#### Source data ####

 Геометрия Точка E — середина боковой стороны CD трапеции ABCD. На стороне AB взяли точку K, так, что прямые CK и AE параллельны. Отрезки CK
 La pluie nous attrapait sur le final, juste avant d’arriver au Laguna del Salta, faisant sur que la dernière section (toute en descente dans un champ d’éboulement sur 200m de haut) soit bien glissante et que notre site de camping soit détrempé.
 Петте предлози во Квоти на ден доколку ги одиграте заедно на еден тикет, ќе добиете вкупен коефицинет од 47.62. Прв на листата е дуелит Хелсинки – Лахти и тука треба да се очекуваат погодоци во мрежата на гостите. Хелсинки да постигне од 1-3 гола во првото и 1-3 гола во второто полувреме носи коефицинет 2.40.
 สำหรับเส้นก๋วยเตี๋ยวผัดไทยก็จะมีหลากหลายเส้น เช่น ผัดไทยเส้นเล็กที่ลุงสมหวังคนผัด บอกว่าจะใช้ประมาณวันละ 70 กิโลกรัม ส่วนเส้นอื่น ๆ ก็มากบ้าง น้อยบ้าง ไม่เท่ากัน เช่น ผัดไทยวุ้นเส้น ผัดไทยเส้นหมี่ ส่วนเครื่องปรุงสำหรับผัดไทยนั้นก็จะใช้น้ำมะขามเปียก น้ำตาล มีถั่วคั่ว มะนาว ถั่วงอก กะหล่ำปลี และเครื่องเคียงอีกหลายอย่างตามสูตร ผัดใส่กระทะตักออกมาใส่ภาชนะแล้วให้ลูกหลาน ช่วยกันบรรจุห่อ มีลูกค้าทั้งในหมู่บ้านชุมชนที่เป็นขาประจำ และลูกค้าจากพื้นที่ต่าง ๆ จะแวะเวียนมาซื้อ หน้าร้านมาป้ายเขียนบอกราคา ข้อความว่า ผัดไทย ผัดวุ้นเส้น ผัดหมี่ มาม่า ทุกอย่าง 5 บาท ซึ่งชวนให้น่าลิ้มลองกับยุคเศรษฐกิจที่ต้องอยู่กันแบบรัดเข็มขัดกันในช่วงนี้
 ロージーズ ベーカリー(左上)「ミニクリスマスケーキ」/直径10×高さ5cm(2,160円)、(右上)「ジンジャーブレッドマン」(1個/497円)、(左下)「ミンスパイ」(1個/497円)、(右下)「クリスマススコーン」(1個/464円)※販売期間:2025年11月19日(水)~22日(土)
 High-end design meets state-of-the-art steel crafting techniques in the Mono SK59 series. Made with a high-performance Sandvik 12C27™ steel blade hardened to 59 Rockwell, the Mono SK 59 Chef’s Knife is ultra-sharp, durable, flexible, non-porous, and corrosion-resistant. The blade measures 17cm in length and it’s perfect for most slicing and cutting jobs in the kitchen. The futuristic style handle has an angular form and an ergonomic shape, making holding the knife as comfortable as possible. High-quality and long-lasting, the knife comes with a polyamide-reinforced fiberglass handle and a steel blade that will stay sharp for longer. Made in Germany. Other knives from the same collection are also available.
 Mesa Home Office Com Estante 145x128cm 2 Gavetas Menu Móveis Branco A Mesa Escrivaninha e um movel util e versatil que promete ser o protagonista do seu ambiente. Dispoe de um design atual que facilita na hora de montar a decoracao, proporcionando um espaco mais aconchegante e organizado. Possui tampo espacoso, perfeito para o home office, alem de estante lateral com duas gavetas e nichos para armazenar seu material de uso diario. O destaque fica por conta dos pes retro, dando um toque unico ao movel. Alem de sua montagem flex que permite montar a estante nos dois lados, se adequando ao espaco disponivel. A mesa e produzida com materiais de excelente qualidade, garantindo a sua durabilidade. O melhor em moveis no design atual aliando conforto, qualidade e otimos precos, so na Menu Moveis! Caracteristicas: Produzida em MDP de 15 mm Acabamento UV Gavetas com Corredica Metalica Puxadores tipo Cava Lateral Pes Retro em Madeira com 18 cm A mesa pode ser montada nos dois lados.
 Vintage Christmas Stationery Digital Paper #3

####
#### Source data ####

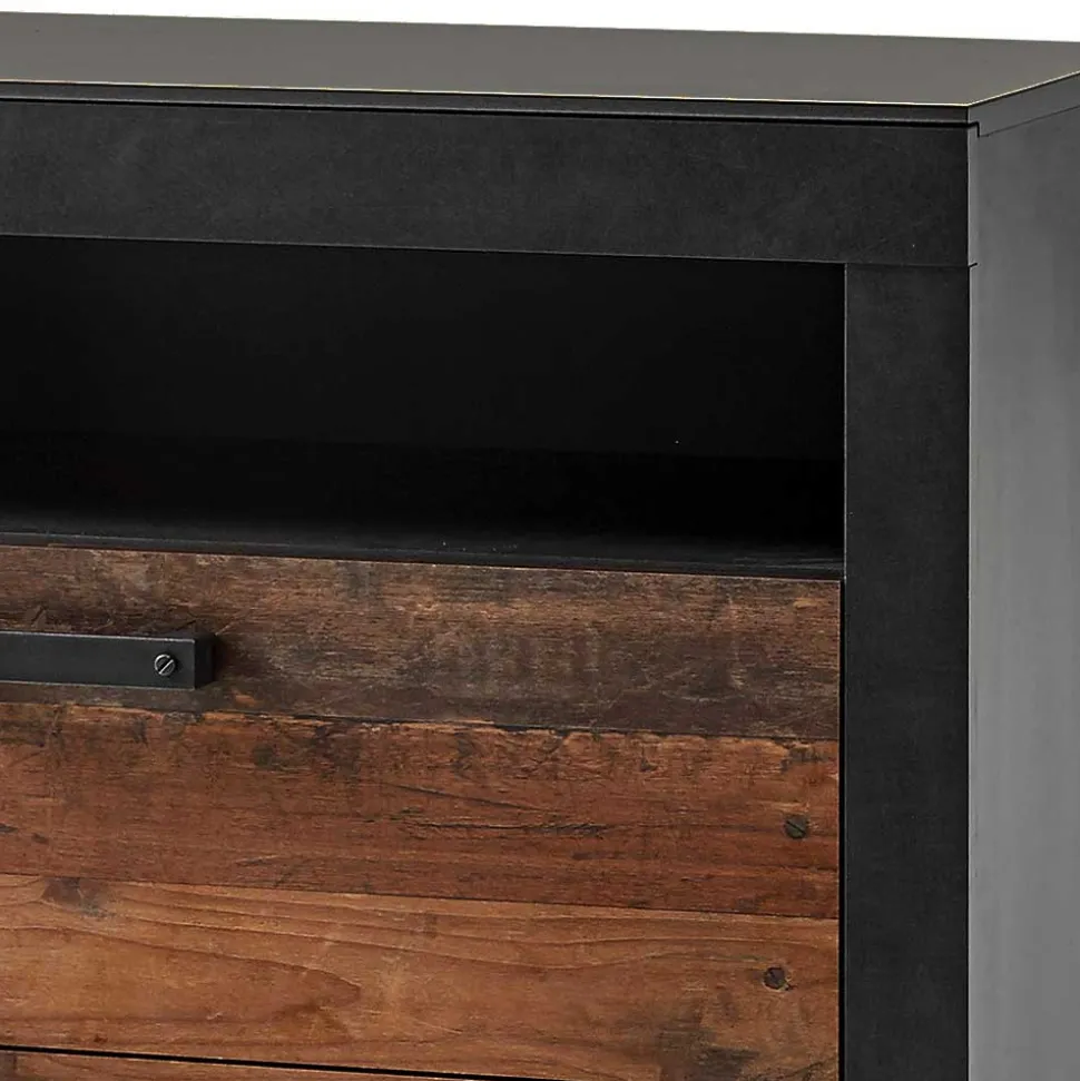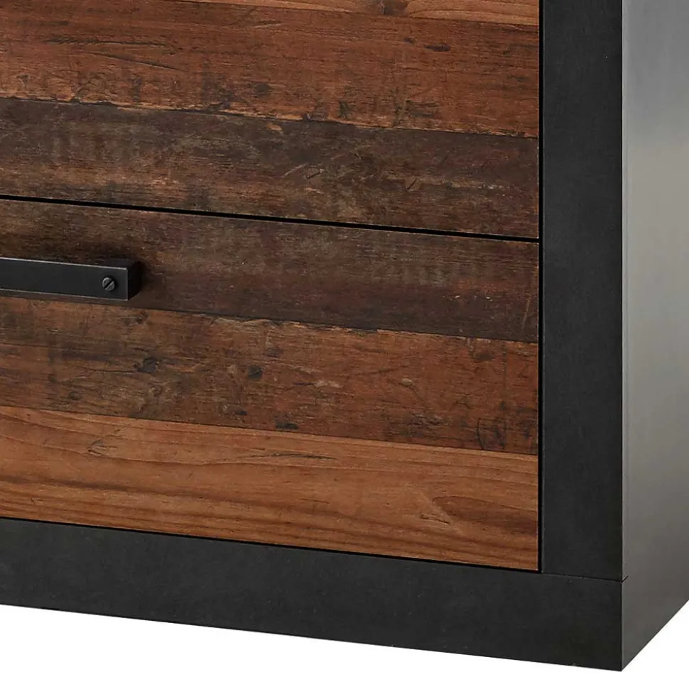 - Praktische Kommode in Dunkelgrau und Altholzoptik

####
#### Source data ####

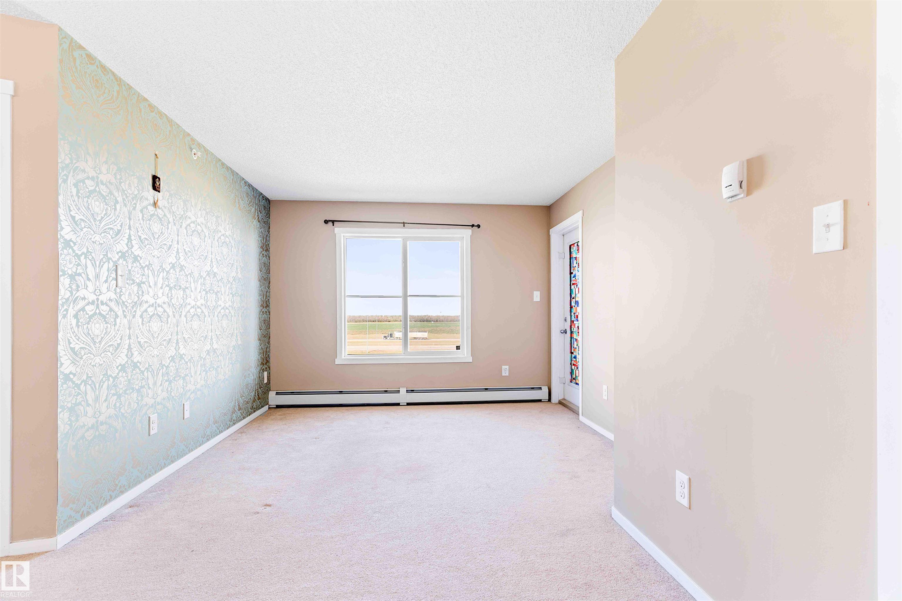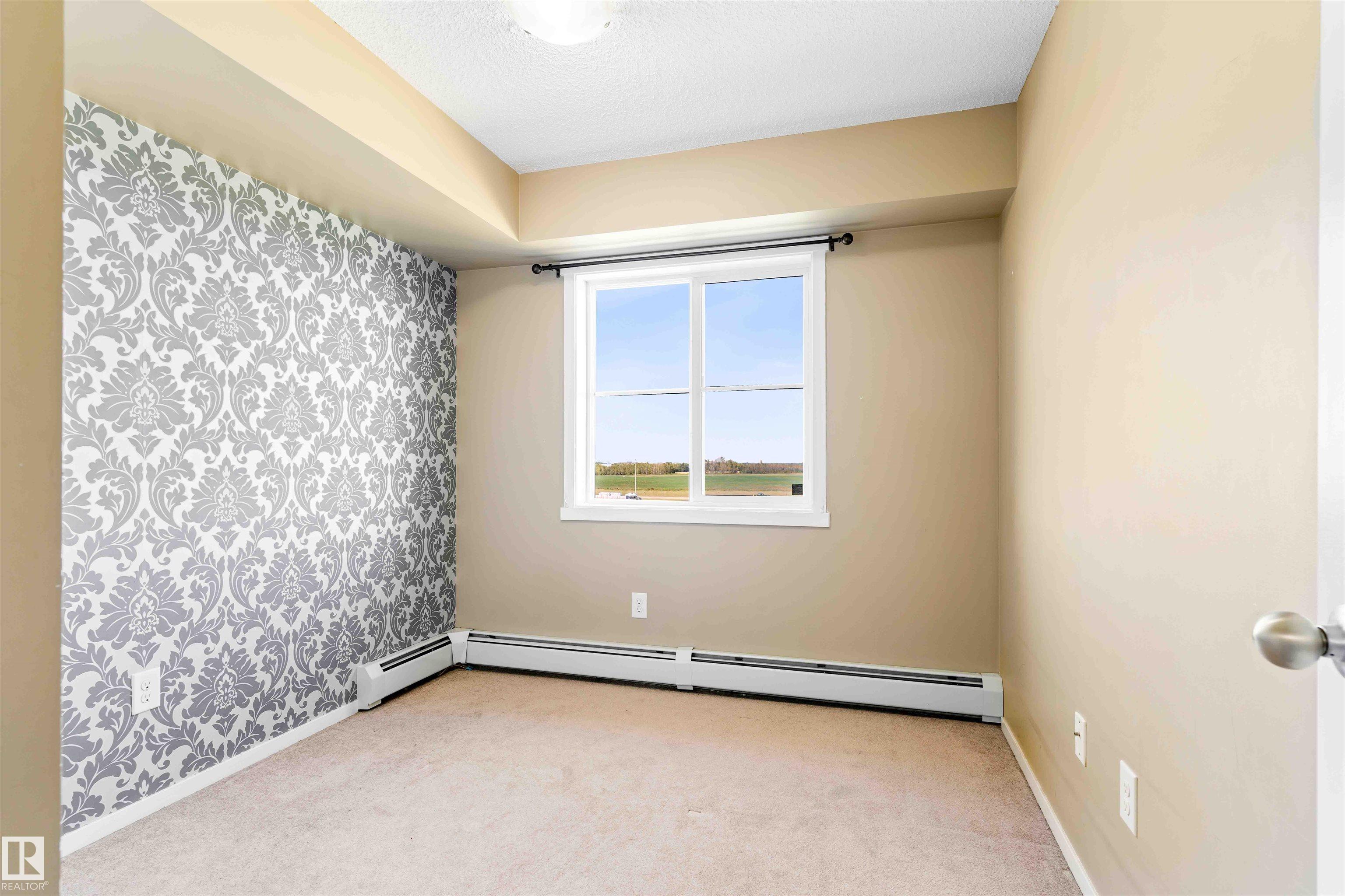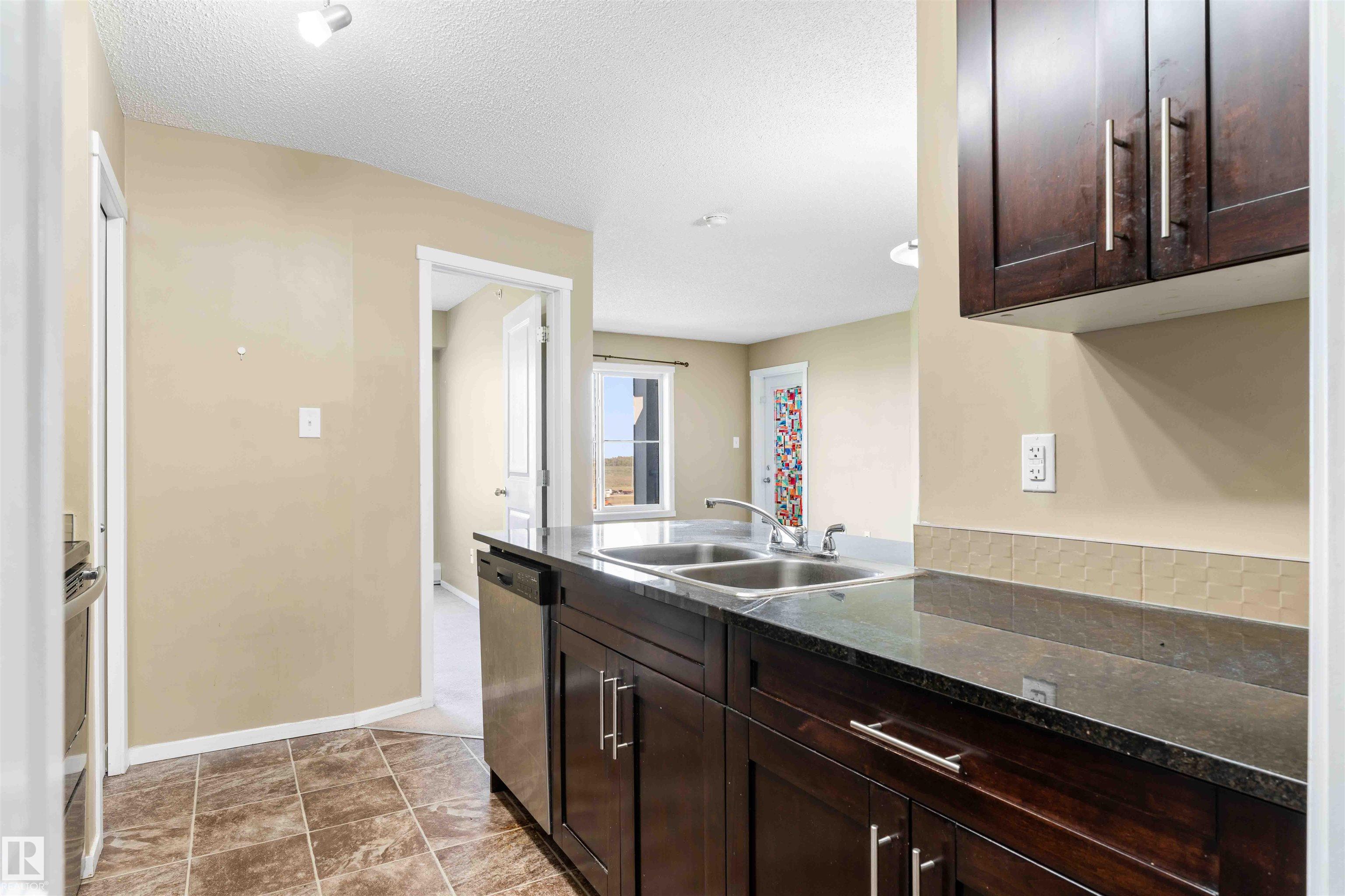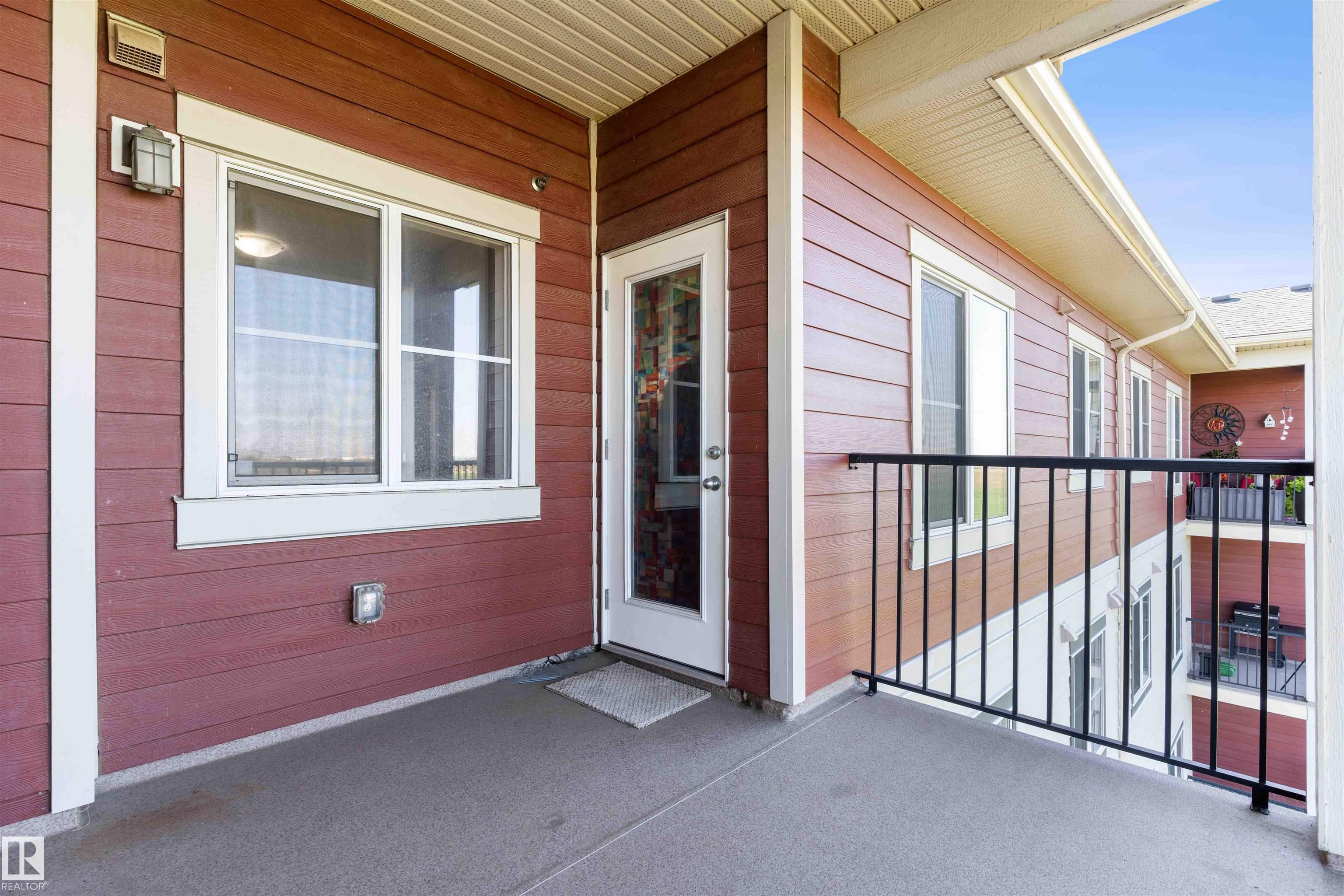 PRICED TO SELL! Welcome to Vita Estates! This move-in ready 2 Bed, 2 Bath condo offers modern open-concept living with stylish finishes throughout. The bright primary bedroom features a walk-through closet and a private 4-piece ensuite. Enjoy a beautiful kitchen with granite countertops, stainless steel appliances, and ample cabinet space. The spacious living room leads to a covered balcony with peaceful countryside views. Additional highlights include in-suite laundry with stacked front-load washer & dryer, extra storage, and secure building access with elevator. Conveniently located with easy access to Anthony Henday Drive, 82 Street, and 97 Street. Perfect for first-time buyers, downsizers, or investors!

####

In the listing above, find the line containing "Геометрия Точка E" and the line containing "High-end design meets", then retype both and every line between them exactly, with nothing else.

 Геометрия Точка E — середина боковой стороны CD трапеции ABCD. На стороне AB взяли точку K, так, что прямые CK и AE параллельны. Отрезки CK
 La pluie nous attrapait sur le final, juste avant d’arriver au Laguna del Salta, faisant sur que la dernière section (toute en descente dans un champ d’éboulement sur 200m de haut) soit bien glissante et que notre site de camping soit détrempé.
 Петте предлози во Квоти на ден доколку ги одиграте заедно на еден тикет, ќе добиете вкупен коефицинет од 47.62. Прв на листата е дуелит Хелсинки – Лахти и тука треба да се очекуваат погодоци во мрежата на гостите. Хелсинки да постигне од 1-3 гола во првото и 1-3 гола во второто полувреме носи коефицинет 2.40.
 สำหรับเส้นก๋วยเตี๋ยวผัดไทยก็จะมีหลากหลายเส้น เช่น ผัดไทยเส้นเล็กที่ลุงสมหวังคนผัด บอกว่าจะใช้ประมาณวันละ 70 กิโลกรัม ส่วนเส้นอื่น ๆ ก็มากบ้าง น้อยบ้าง ไม่เท่ากัน เช่น ผัดไทยวุ้นเส้น ผัดไทยเส้นหมี่ ส่วนเครื่องปรุงสำหรับผัดไทยนั้นก็จะใช้น้ำมะขามเปียก น้ำตาล มีถั่วคั่ว มะนาว ถั่วงอก กะหล่ำปลี และเครื่องเคียงอีกหลายอย่างตามสูตร ผัดใส่กระทะตักออกมาใส่ภาชนะแล้วให้ลูกหลาน ช่วยกันบรรจุห่อ มีลูกค้าทั้งในหมู่บ้านชุมชนที่เป็นขาประจำ และลูกค้าจากพื้นที่ต่าง ๆ จะแวะเวียนมาซื้อ หน้าร้านมาป้ายเขียนบอกราคา ข้อความว่า ผัดไทย ผัดวุ้นเส้น ผัดหมี่ มาม่า ทุกอย่าง 5 บาท ซึ่งชวนให้น่าลิ้มลองกับยุคเศรษฐกิจที่ต้องอยู่กันแบบรัดเข็มขัดกันในช่วงนี้
 ロージーズ ベーカリー(左上)「ミニクリスマスケーキ」/直径10×高さ5cm(2,160円)、(右上)「ジンジャーブレッドマン」(1個/497円)、(左下)「ミンスパイ」(1個/497円)、(右下)「クリスマススコーン」(1個/464円)※販売期間:2025年11月19日(水)~22日(土)
 High-end design meets state-of-the-art steel crafting techniques in the Mono SK59 series. Made with a high-performance Sandvik 12C27™ steel blade hardened to 59 Rockwell, the Mono SK 59 Chef’s Knife is ultra-sharp, durable, flexible, non-porous, and corrosion-resistant. The blade measures 17cm in length and it’s perfect for most slicing and cutting jobs in the kitchen. The futuristic style handle has an angular form and an ergonomic shape, making holding the knife as comfortable as possible. High-quality and long-lasting, the knife comes with a polyamide-reinforced fiberglass handle and a steel blade that will stay sharp for longer. Made in Germany. Other knives from the same collection are also available.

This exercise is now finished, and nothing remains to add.